- [Work to be completed]
Write out the listing exactly, from its first line through the line holding "タオル類を省スペース複数枚干", but include none of the pictures.

- [Data block]

◆ ◆ ◆

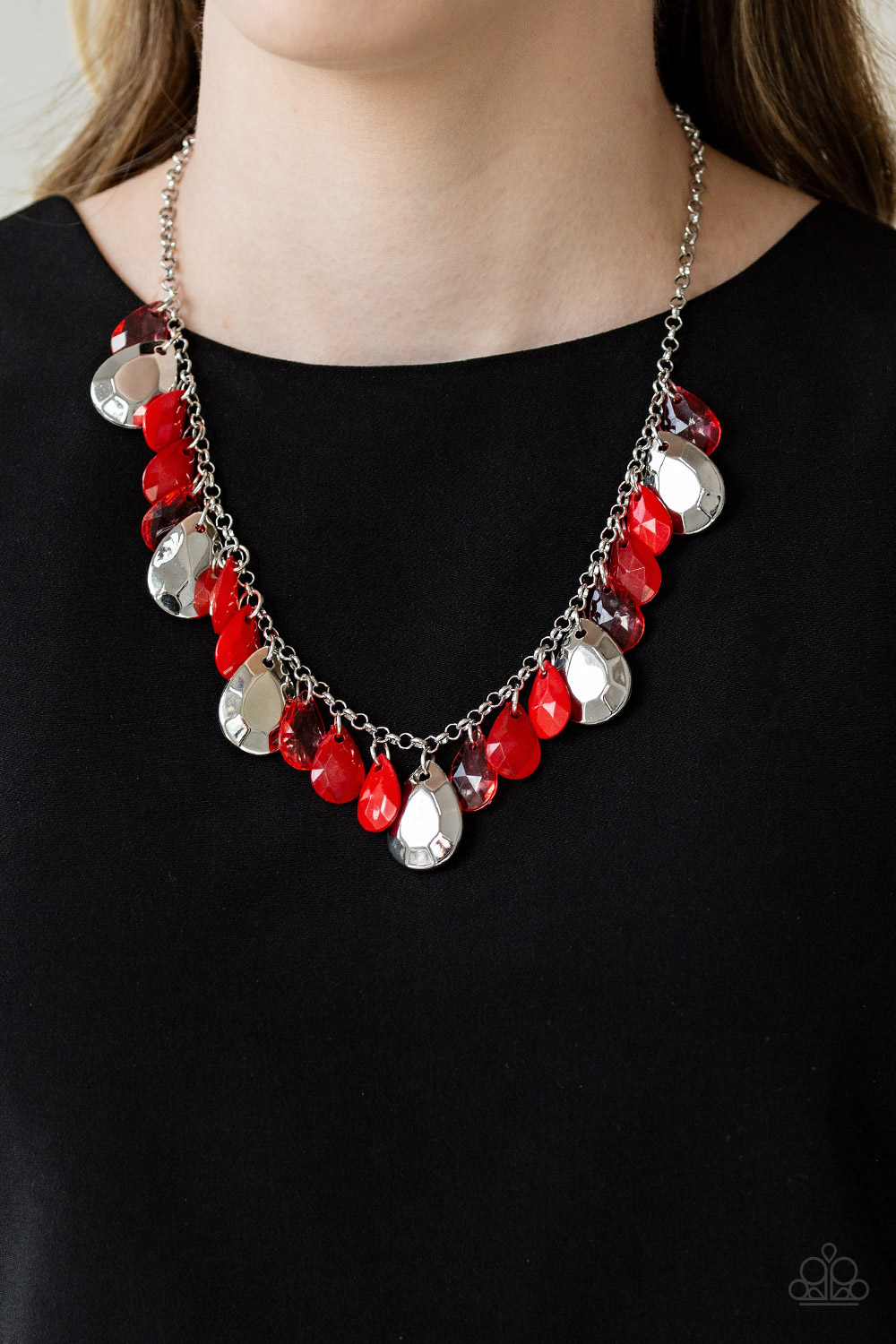 Glassy and polished red teardrops drip from the bottom of a shimmery silver chain. Faceted silver teardrops trickle between the colorful beading, adding a flashy finish to the flirtatious fringe. Features an adjustable clasp closure.
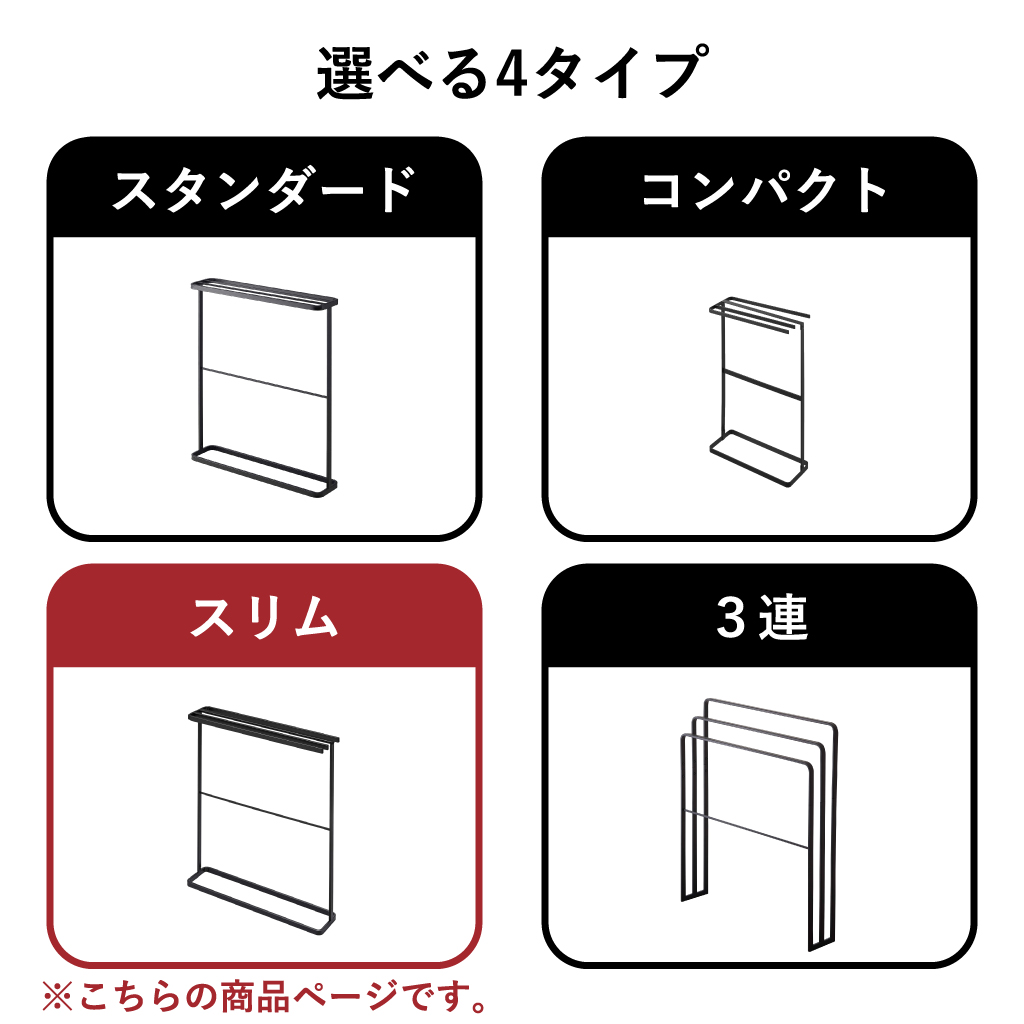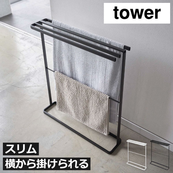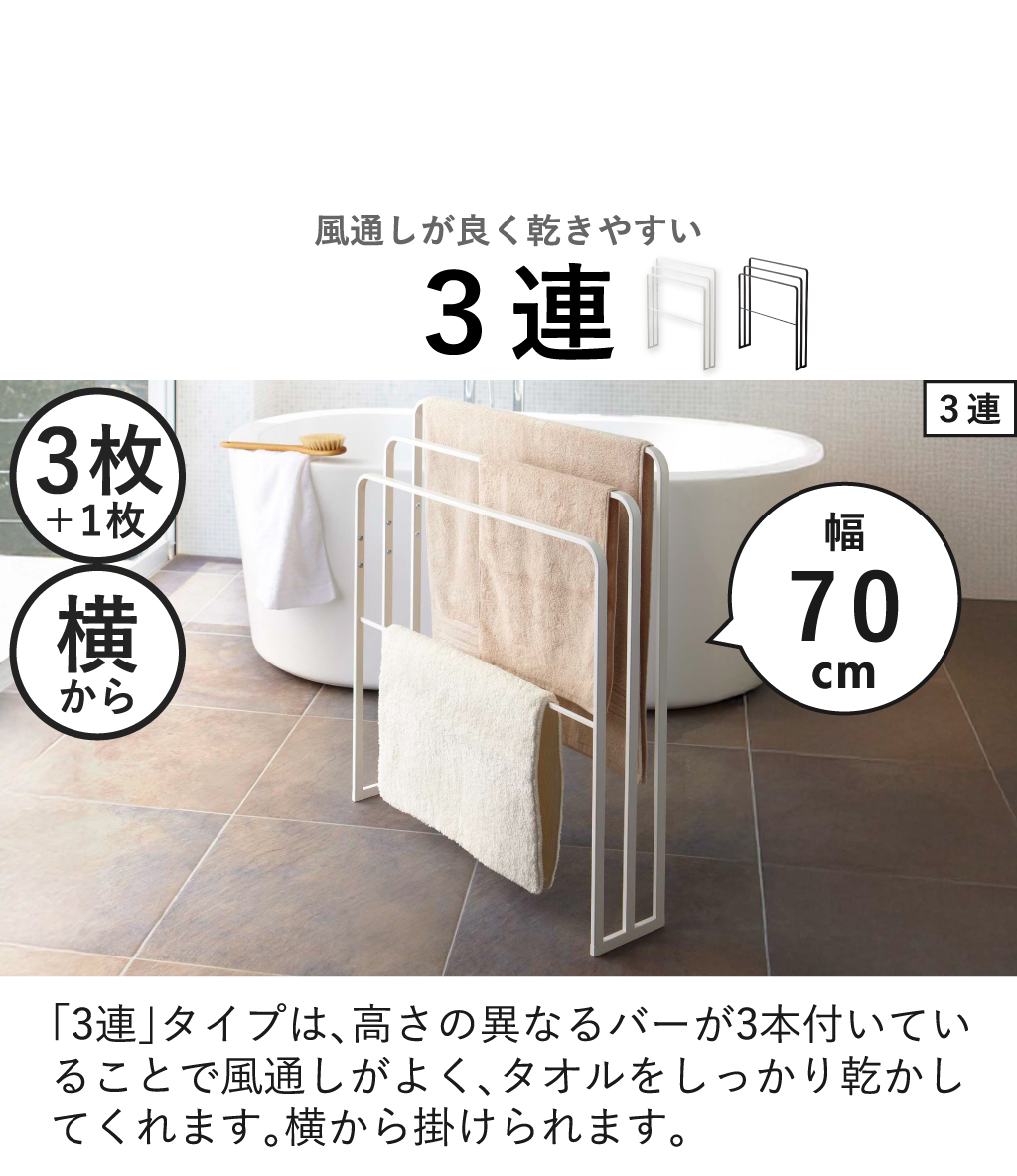 タオル類を省スペース複数枚干せる、towerのバスタオルハンガースタンドです。このバスタオルハンガースタンドは、様々な空間に馴染むシンプルなデザイン。奥行きは15cm以下とスリムなバスタオルハンガースタンドなので、ランドリールームや廊下、リビングなどに置いても場所を取りません。洗濯機横などの隙間にも設置できる、省スペースなバスタオルハンガースタンドです。バスタオルハンガースタンドのバーの間隔は広いので、バスタオル同士が重なりません。通気性が良いことでタオル類がしっかり乾き、いつも衛生的に保てるのはうれしいですね。置く場所を選ばない自立タイプのバスタオルハンガースタンドなので、持ち運びも簡単にでき、使いたい場所で活躍してくれます。下段のバーには、バスマットも一緒に収納することができて便利です。バスタオルハンガースタンドは丈夫なスチール製で、より長くお使いいただけます。「スタンダード」「コンパクト」「スリム」「3連」の4タイプから、お好みで選択可能。「スタンダード」タイプは使いやすいシンプルモデルで、上から掛けられます。「コンパクト」「スリム」「3連」タイプはサイドが開いていて、横から掛けられます。バスタオルハンガースタンドは、それぞれホワイトとブラックの2色から選べます。
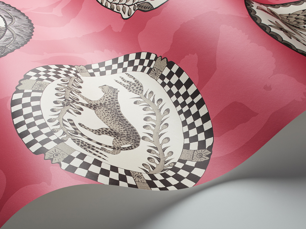 One of the more classical designs within the collection, Matrinah, named after Ardmore designer Matrinah Xaba, reveals an arrangement of ornamental platters and dishes, all intricately patterned with birds and animals and edged with decorative borders and pie crust scallops. These in turn are placed on chalky grounds of olive, taupe, ivory, yellow ochre, and pink featuring the softly silhouetted shapes of the vases from the Khulu Vases design. Presented in five striking colourways which include a subtle gilver on stone and soft gold on olive.
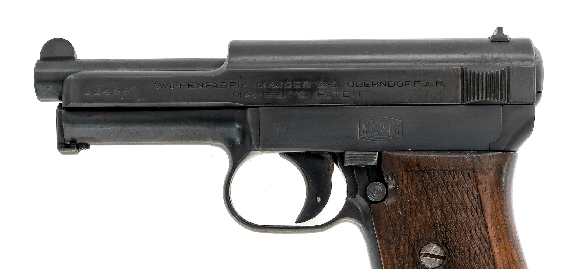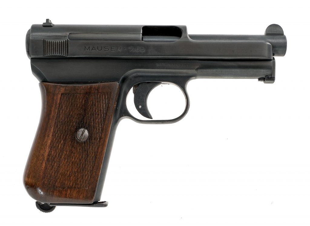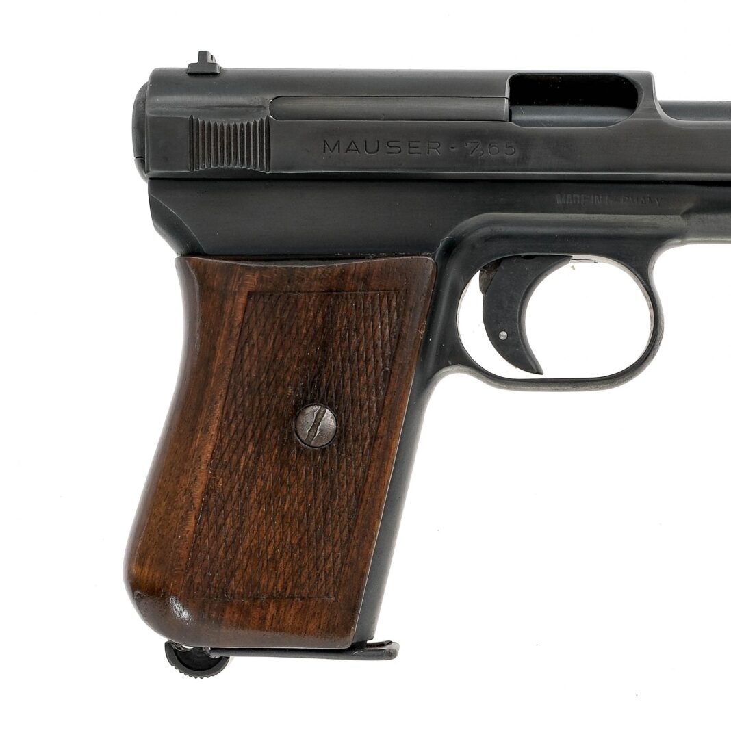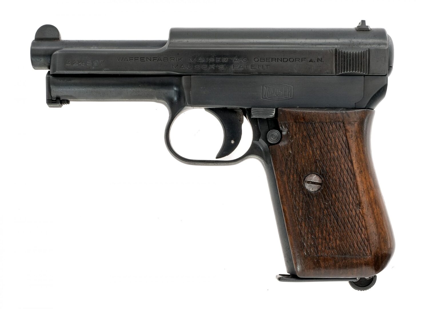 Description Mauser 1914 chambered in 7.65mm (.32 ACP) with one, eight round removable magazine and a 3.39″ barrel. Blow back operated handgun manufactured in Germany with serial number 324897. Blued steel frame with a heel magazine release and checkered wood grips. Manual frame mounted thumb safety. Blued serrated slide with cocked striker indicator. Fixed iron sights with V-notch rear sight and fixed front blade. Made in Germany is marked on the right side of the frame and backstrap of the wood grip. Matching barrel, slide, and frame. Must ship to a FFL or C&R holder. Condition: Fair/Good having been reblued with visual buffing marks, pitting under the finish, and some faded lettering/proofs. Small spots of metal oxidation. Light scratches and wear on the grips. Rusty bore with strong visible rifling. Barrel Length: 3.39″ Serial: 324897 Manufacturer: Mauser Caliber: .32 ACP Model: 1914 Book# 03474

◆ ◆ ◆

- [Reply to the task]
 Glassy and polished red teardrops drip from the bottom of a shimmery silver chain. Faceted silver teardrops trickle between the colorful beading, adding a flashy finish to the flirtatious fringe. Features an adjustable clasp closure.
 タオル類を省スペース複数枚干せる、towerのバスタオルハンガースタンドです。このバスタオルハンガースタンドは、様々な空間に馴染むシンプルなデザイン。奥行きは15cm以下とスリムなバスタオルハンガースタンドなので、ランドリールームや廊下、リビングなどに置いても場所を取りません。洗濯機横などの隙間にも設置できる、省スペースなバスタオルハンガースタンドです。バスタオルハンガースタンドのバーの間隔は広いので、バスタオル同士が重なりません。通気性が良いことでタオル類がしっかり乾き、いつも衛生的に保てるのはうれしいですね。置く場所を選ばない自立タイプのバスタオルハンガースタンドなので、持ち運びも簡単にでき、使いたい場所で活躍してくれます。下段のバーには、バスマットも一緒に収納することができて便利です。バスタオルハンガースタンドは丈夫なスチール製で、より長くお使いいただけます。「スタンダード」「コンパクト」「スリム」「3連」の4タイプから、お好みで選択可能。「スタンダード」タイプは使いやすいシンプルモデルで、上から掛けられます。「コンパクト」「スリム」「3連」タイプはサイドが開いていて、横から掛けられます。バスタオルハンガースタンドは、それぞれホワイトとブラックの2色から選べます。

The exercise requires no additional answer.